Ma la prova di Luca Marinelli convince appieno: il bravo attore, camaleontico e perfezionista come sappiamo riconoscergli ormai da anni di parti azzeccate e fondamentali, sa calarsi ne lpersonaggio con una aderenza mimica che conquista, partecipando anche con la propria voce, oltre che con le movenze tipiche del cantautore, a fornirci un ritratto davver ocomvincente del personaggio: i timori nell'esporsi a cantare dal vivo, superati in pieno con la maturità, l'insofferenza nel ricevere complimenti e lodi, venire osannato, la capacità di circondarsi di persone intelligenti, ironiche, colte e aperte come lui alla libertà di pensiero, all'anarchia come forma di libertà e di rispetto della persona e delle scelte di vita di ognuno, compiute nel rispetto delle libertà altrui.

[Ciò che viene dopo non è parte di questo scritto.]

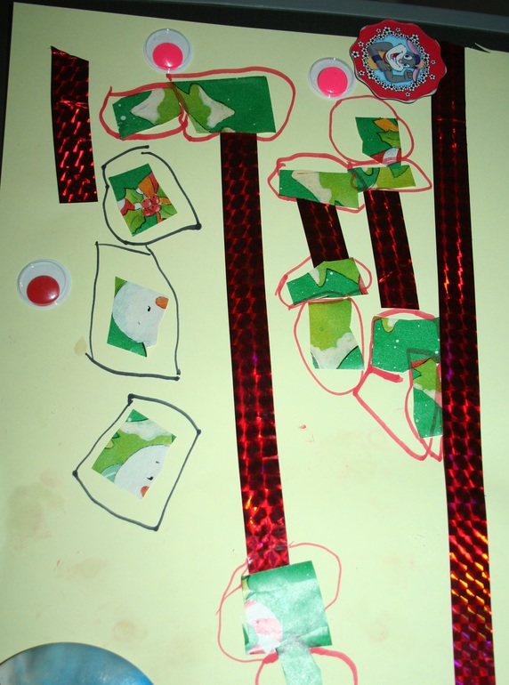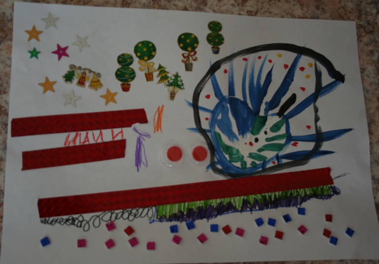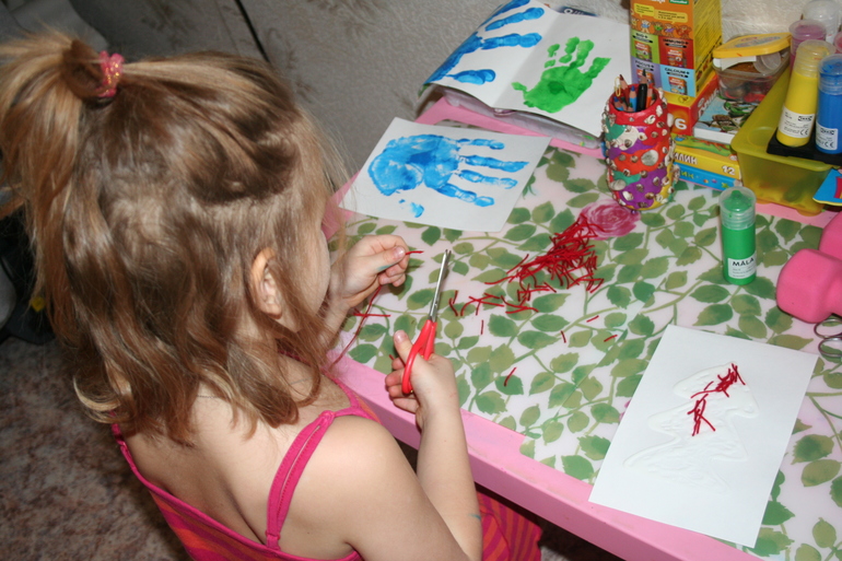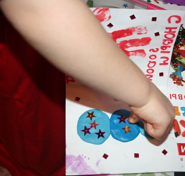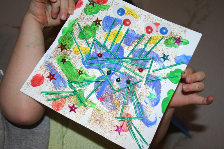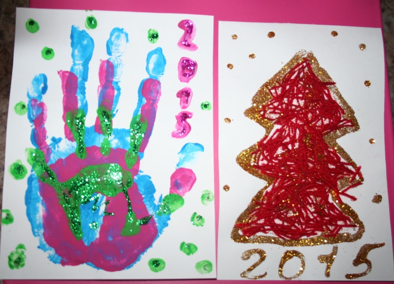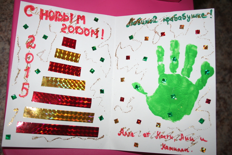К ладоням все наше семейство руку приложило, а вот елочку делала в основном я, Камилка только детали поставляла :-)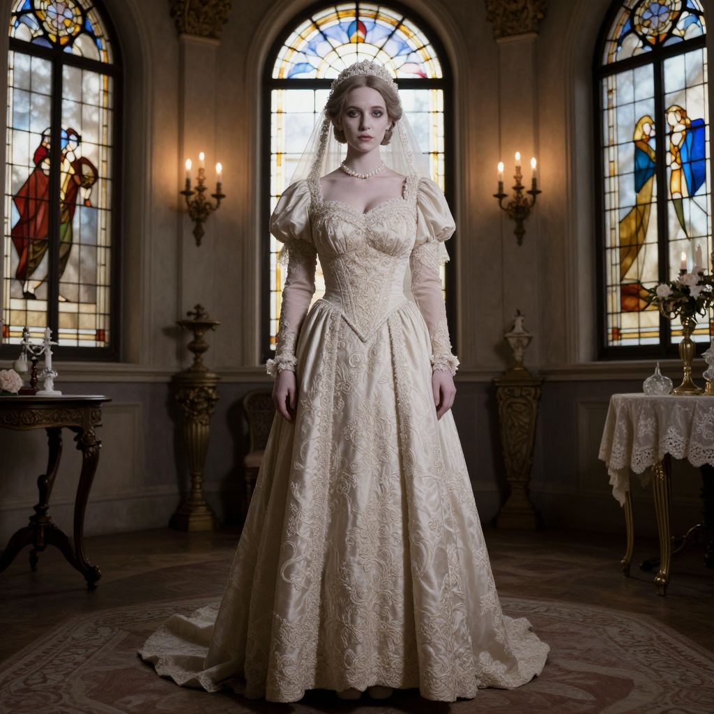Photograph of a solemn-faced woman standing in an ornate, dimly-lit room with large, stained glass windows. She wears an elaborate, ivory-colored, Victorian-style wedding gown with puffed sleeves and intricate lace embroidery, and a white veil. She has fair skin, blue eyes, and dark brown hair styled in an updo. The background features two wall-mounted candelabras with lit candles, and a small table with a lace-covered top on the right. The stained glass windows depict religious figures in vibrant colors. The room has dark wood paneling and a patterned rug on the floor.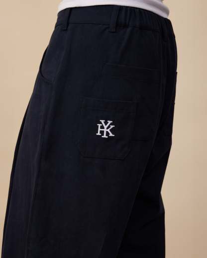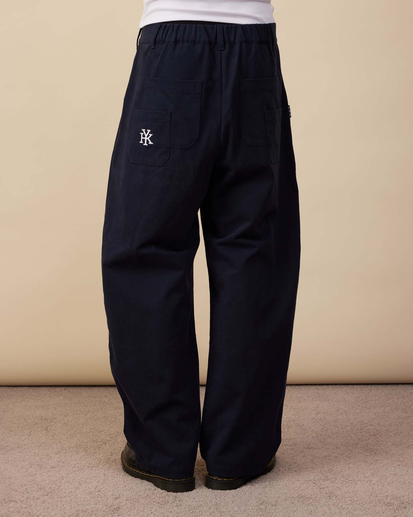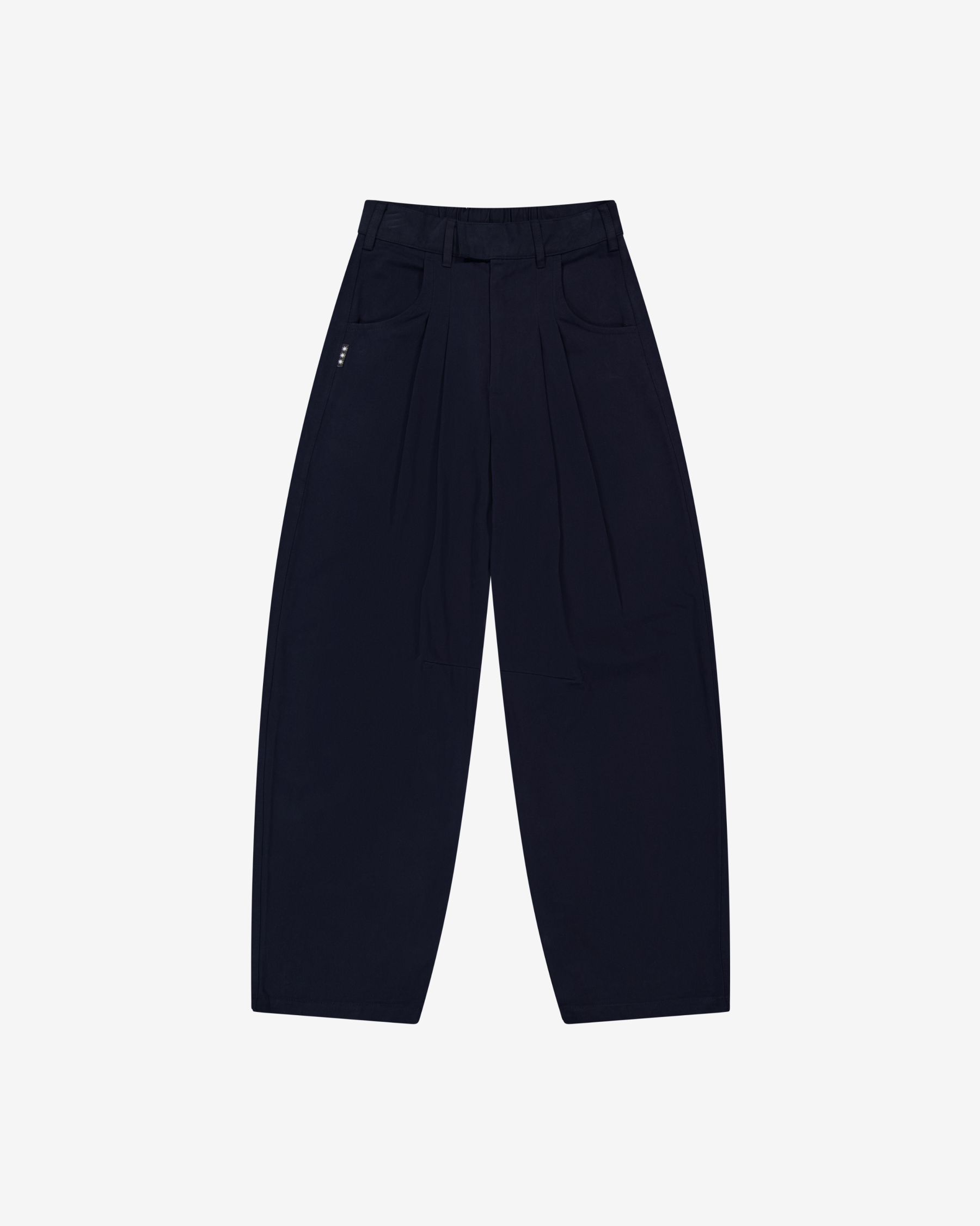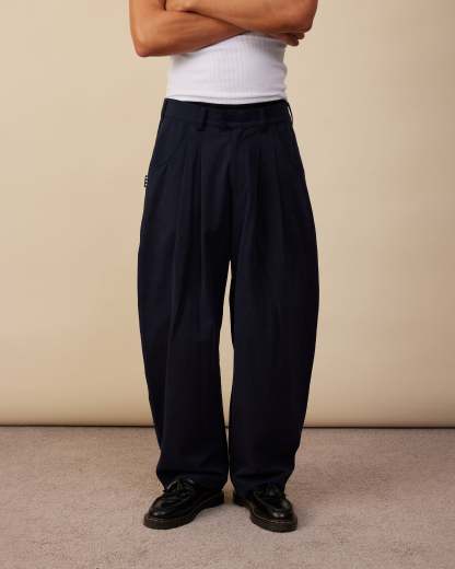 The Barrel Leg Pants are crafted from a mid-weight pleated cotton blend, offering structure with a relaxed barrel-leg fit. Designed for everyday wear, they feature double-layered back pockets and are finished with a signature embroidered logo.

Lo vediamo circondato, quasi coccolato da Paolo Villaggio (fu lui a soprannominato "Faber" dalle omonime matite), da Fernanda Pivano, guida spirituale, dalla sua musa Dori Ghezzi, portata qui per l'occasione sullo schermo da una Valentina Bellé fisicamente forse non proprio scontata nella figura minuta e biondo platino della compagna-cantante del grande autore, ma volenterosa e spigliata. E lo vediamo anche rifugiarsi nell'alcolismo e nel vizio del fumo, come riparo da insicurezze e nervosismi, da ansie da prestazioni e timori che la vena creativa lo tradisca da un momento all'altro, lasciandolo nudo, senza più nulla da raccontare e cantare di fronte a chi pretende da lui sempre nuove performance e nuovi spunti in cui perdersi ed emozionarsi. Responsabilità da cui l'autore si difende e schermisce con gli abusi di cui sopra.

Ma il film ha il tatto di accennare soltando a queste debolezze, senza farsene forza, puntando più sui sentimenti verso la famiglia, necessariamente e alla fine rassegnatamente e in qualche modo serenamente allargata e solidale. 

Un prodotto televisivo dunque, questo "Principe libero", che tuttavia, con i suoi limiti e le sue lungaggini o scontatezze narrative, sa ritrarre con dignità e un corretto tratteggio fisico-caratteriale, le linee distintive di un autore che ha trasformato la canzone d'autore in una poesia musicata di travolgente impatto emozionale.

Da "La canzone di Marinella" portata al successo da Mina, sino alla poesia introduttiva "Le nuvole" dell'ultimo disco di inediti cantato singolarmente, passando per una carriera costellata di opere d'arte ove la poesia si trasforma in canzone attraverso la musica semplice ma intensa di una chitarra.

E le ultime inquadrature ci restituiscono il meraviglioso ultimo concerto di Fabrizio, assieme a Cristiano e a Luvi, sullo sfondo di una scenografia di carte da gioco giganti che mi permettono di poter dire, non senza soddisfazione ed un pizzico di emozione: io c'ero.